**Source data**
§ §
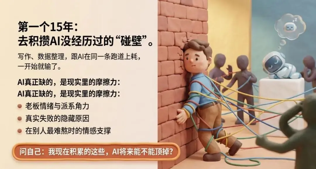 头15年该问自己的只有一件事:我现在积累的这些,AI将来能不能顶掉我。
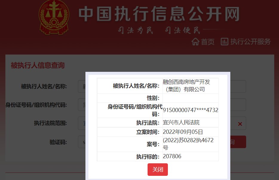 摘要:??乐居财经 孙肃博 9月5日,融创西南房地产开发(集团)有限公司被列入被执行人,案号为(2022)苏0282执4672号,执行标的为元,执行法院为江苏省无锡市宜兴市人民法院。 ??据企查查
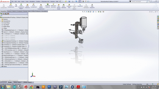 Tuve una idea general que necesito para conectar 4 módulos a la estructura: dos módulos de verter, un bíter de módulo y un módulo de mezclar/agitar. Yo quería operarse con una sola manivela de la máquina, y decidí que el proceso de hacer una bebida debe tomar aproximadamente 1 minuto. Dado que la gente generalmente gira manivelas en cerca de 60 rpm, que quería hacer el disco de entrada inestable un gusano, con un sinfin de 60 dientes que activaría cada parte a su vez.
§ §
**Problem details**
Keep the pictures out of the copy and return the rest of the data above exactly.

**Response to the exercise**
 头15年该问自己的只有一件事:我现在积累的这些,AI将来能不能顶掉我。
 摘要:??乐居财经 孙肃博 9月5日,融创西南房地产开发(集团)有限公司被列入被执行人,案号为(2022)苏0282执4672号,执行标的为元,执行法院为江苏省无锡市宜兴市人民法院。 ??据企查查
 Tuve una idea general que necesito para conectar 4 módulos a la estructura: dos módulos de verter, un bíter de módulo y un módulo de mezclar/agitar. Yo quería operarse con una sola manivela de la máquina, y decidí que el proceso de hacer una bebida debe tomar aproximadamente 1 minuto. Dado que la gente generalmente gira manivelas en cerca de 60 rpm, que quería hacer el disco de entrada inestable un gusano, con un sinfin de 60 dientes que activaría cada parte a su vez.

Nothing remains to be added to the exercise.